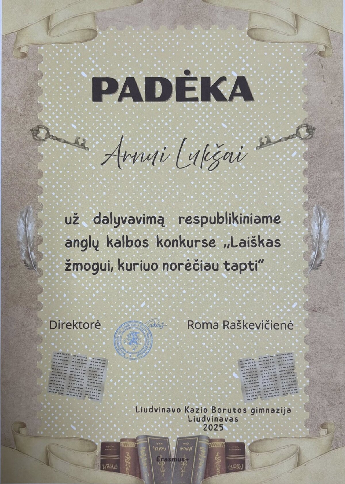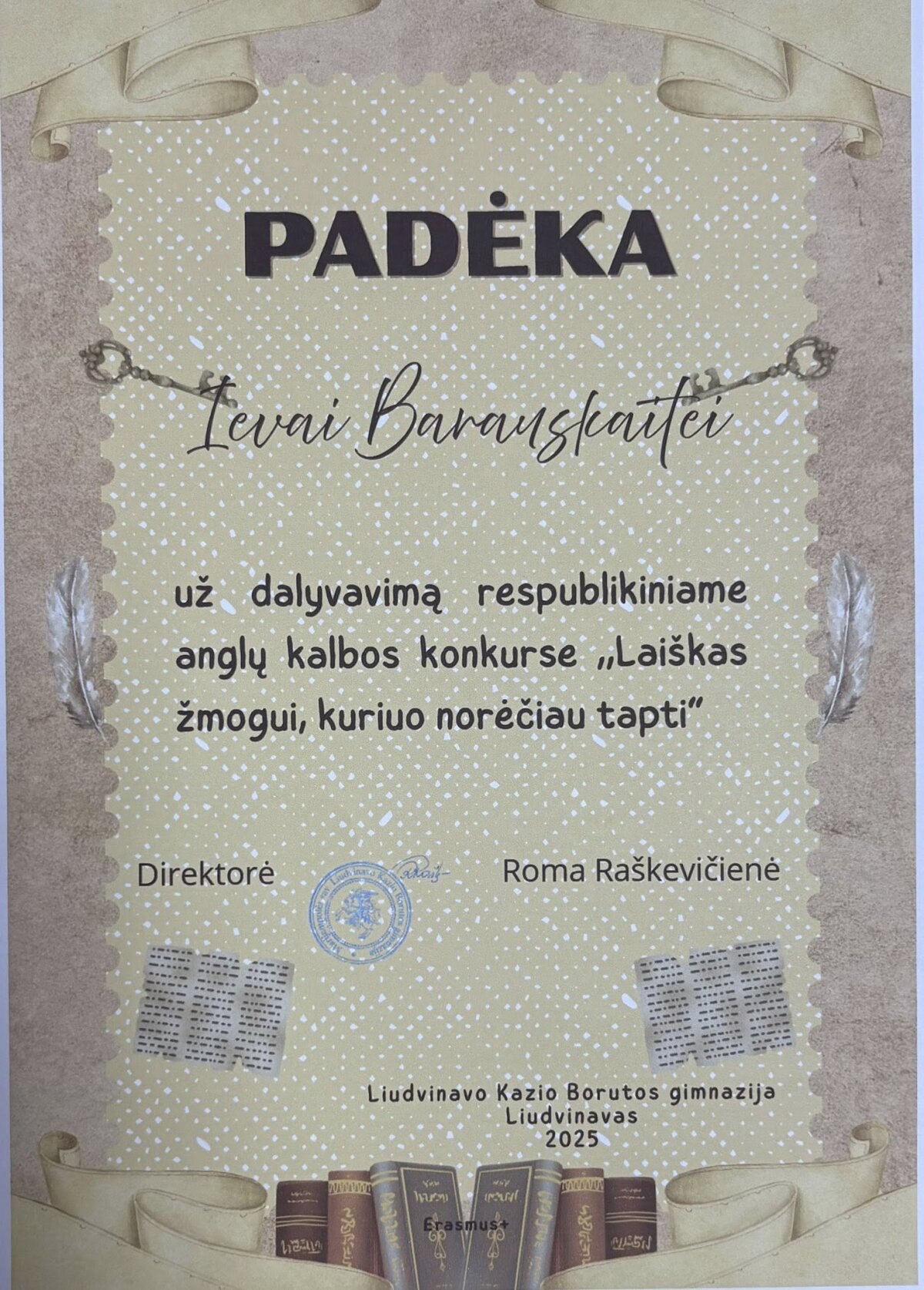 Ačiū anglų kalbos mokytojoms Gražinai Avižienienei ir Editai Grubienei už mokinių paruošimą
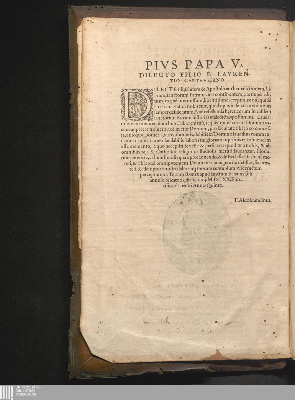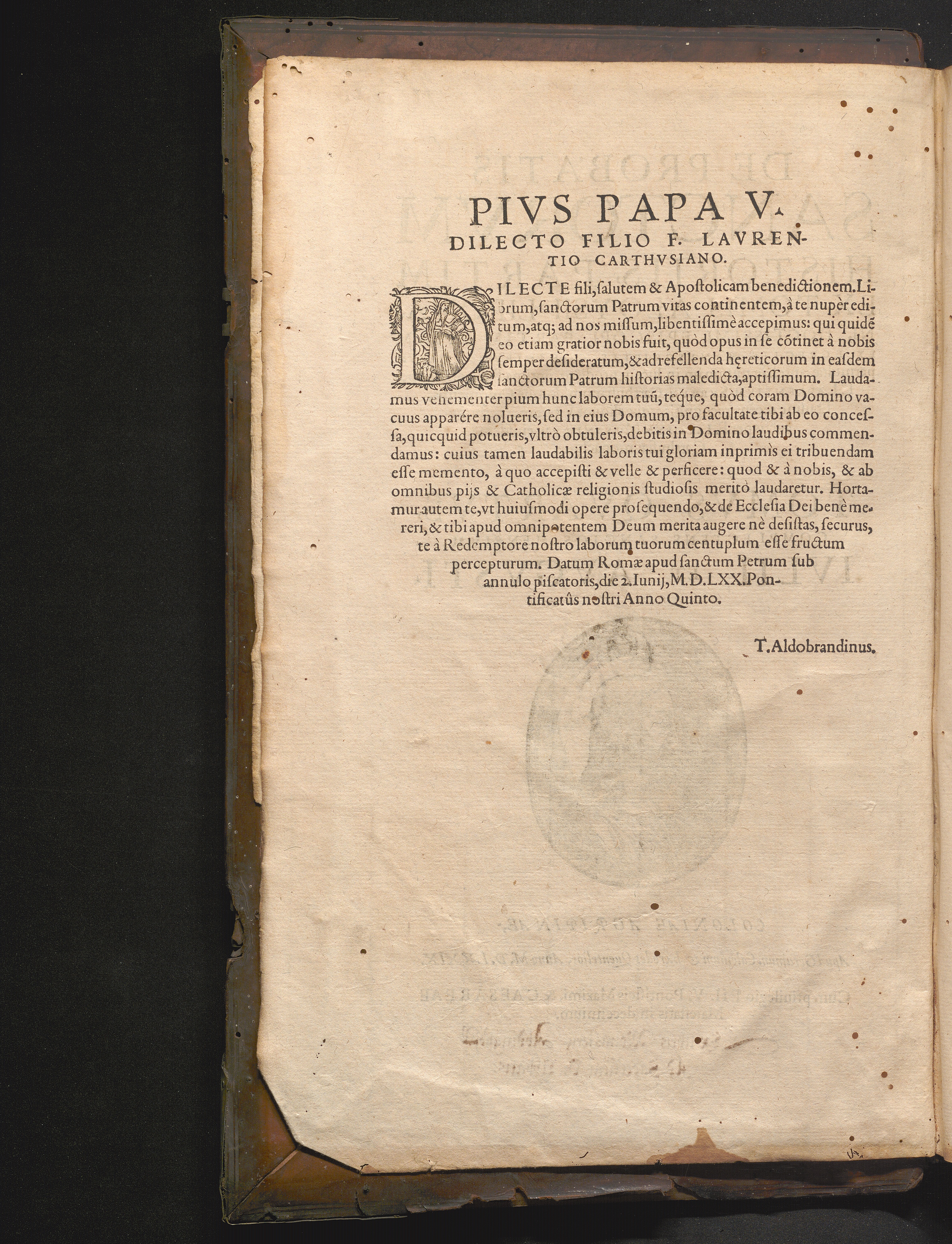 Pivs Papa V. Dilecto Filio F. Lavrentio Carthvsiano.
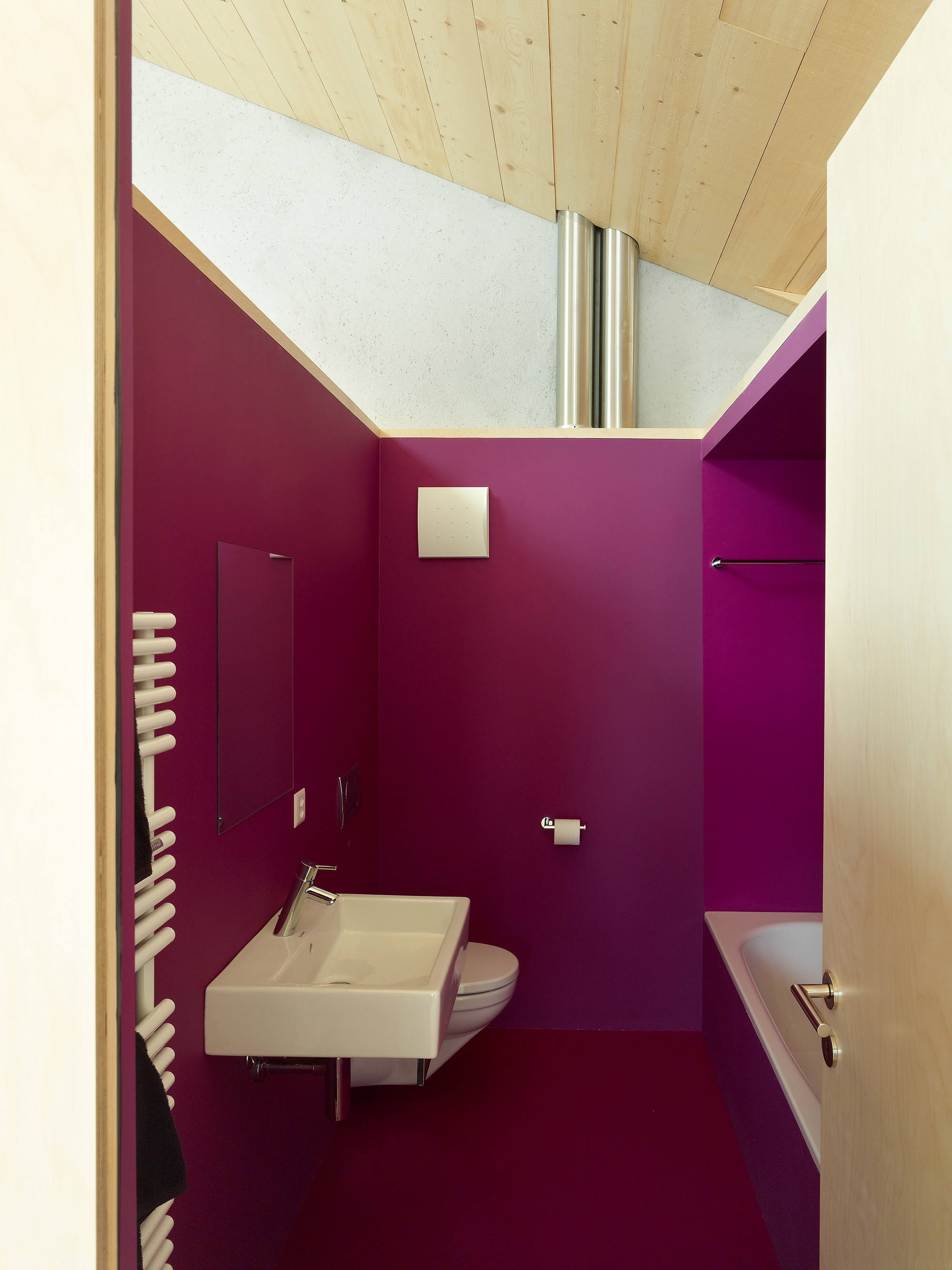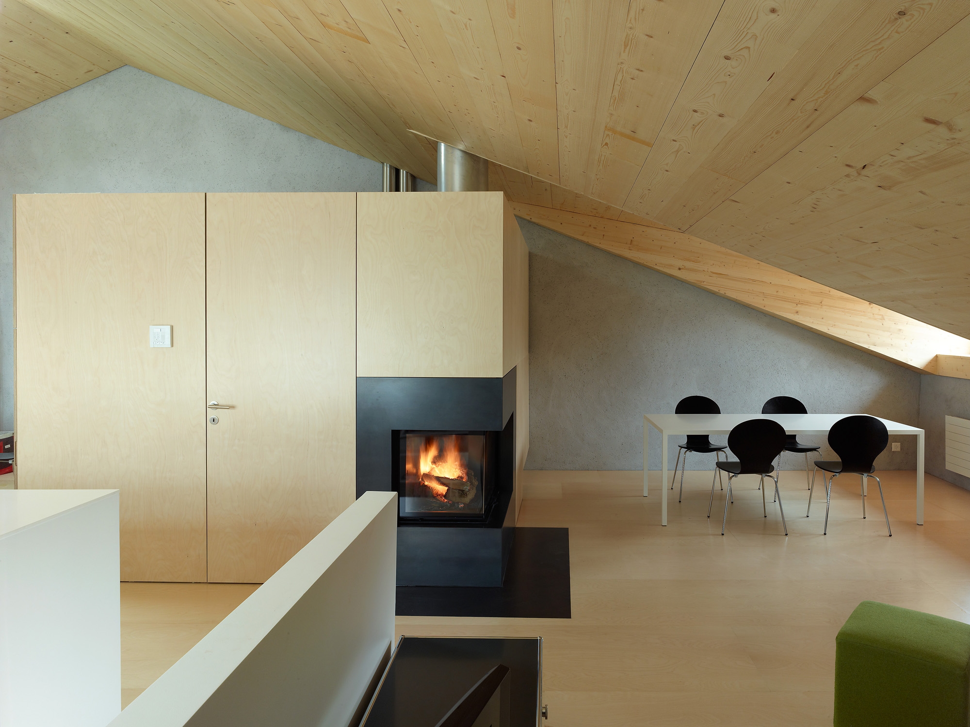 La matérialité de la ferme est maintenue. Elle se compose de murs épais et irréguliers recouverts d’un crépi rugueux et d’une grande toiture dont la face intérieure est traitée en lambris de sapin non rabotés. La matérialité de ce « contenant » s'oppose à celle de l’objet qui se présente comme un coffre en bois volontairement lisse, travaillé et précis.
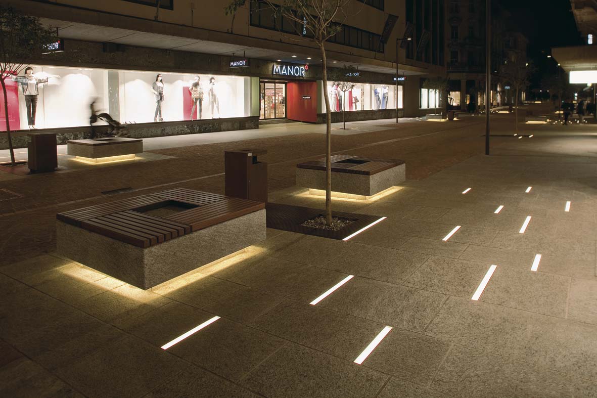 In corrispondenza degli alberi e lungo il marciapiede si è invece optato per un apparecchio lineare carrabile e modulabile, sempre in tecnologia LED, da incasso a pavimento, perfetto per creare un vero e proprio“tappeto luminoso”.
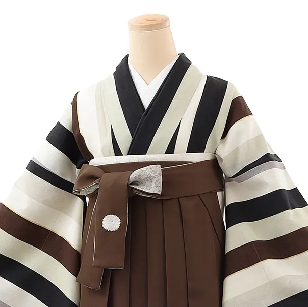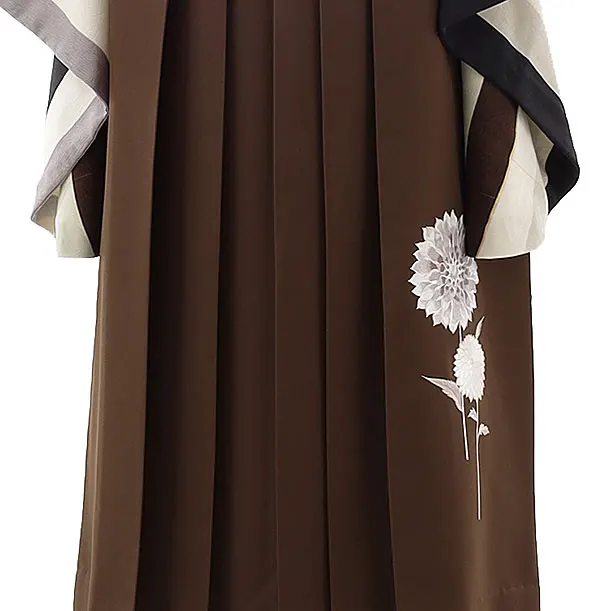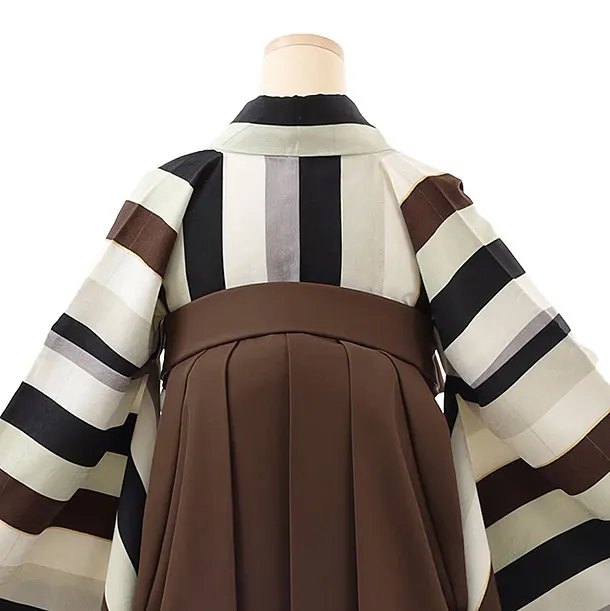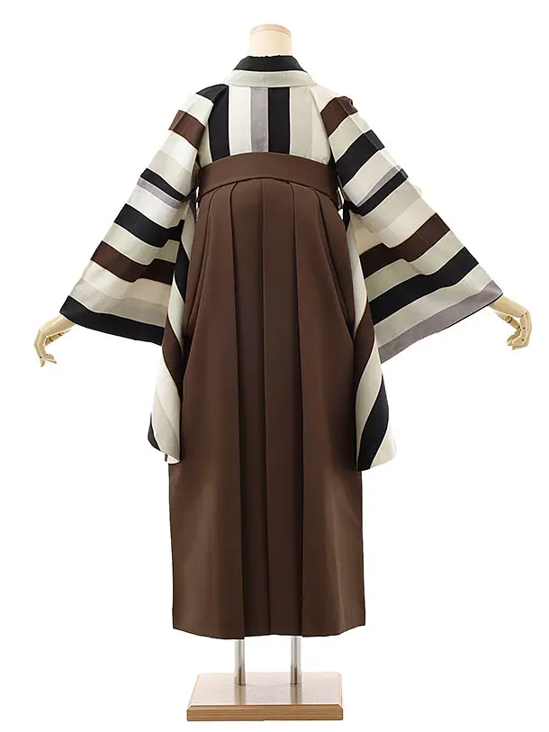 卒業式袴レンタルh806 紅一点 黒茶縞×茶袴
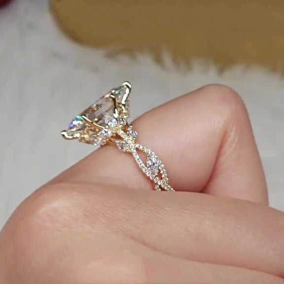 Jzora handmade gold-color 4ct marquise cut Luxury sterling silver ring
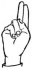 На ћирилици написано АНДЈЕЛИНА ЧУЧА састоји се из 13 слова [?]. Исписано ћириличном једноручном азбуком за глувонеме:

■ ■ ■ ■ ■

▶ _WHAT THIS TASK INVOLVES_: Would you restate word for word each line from the one that holds "In corrispondenza degli" to the end of the material, both ends included, without the pictures?

▶ _TASK RESPONSE_:
 In corrispondenza degli alberi e lungo il marciapiede si è invece optato per un apparecchio lineare carrabile e modulabile, sempre in tecnologia LED, da incasso a pavimento, perfetto per creare un vero e proprio“tappeto luminoso”.
 卒業式袴レンタルh806 紅一点 黒茶縞×茶袴
 Jzora handmade gold-color 4ct marquise cut Luxury sterling silver ring
 На ћирилици написано АНДЈЕЛИНА ЧУЧА састоји се из 13 слова [?]. Исписано ћириличном једноручном азбуком за глувонеме:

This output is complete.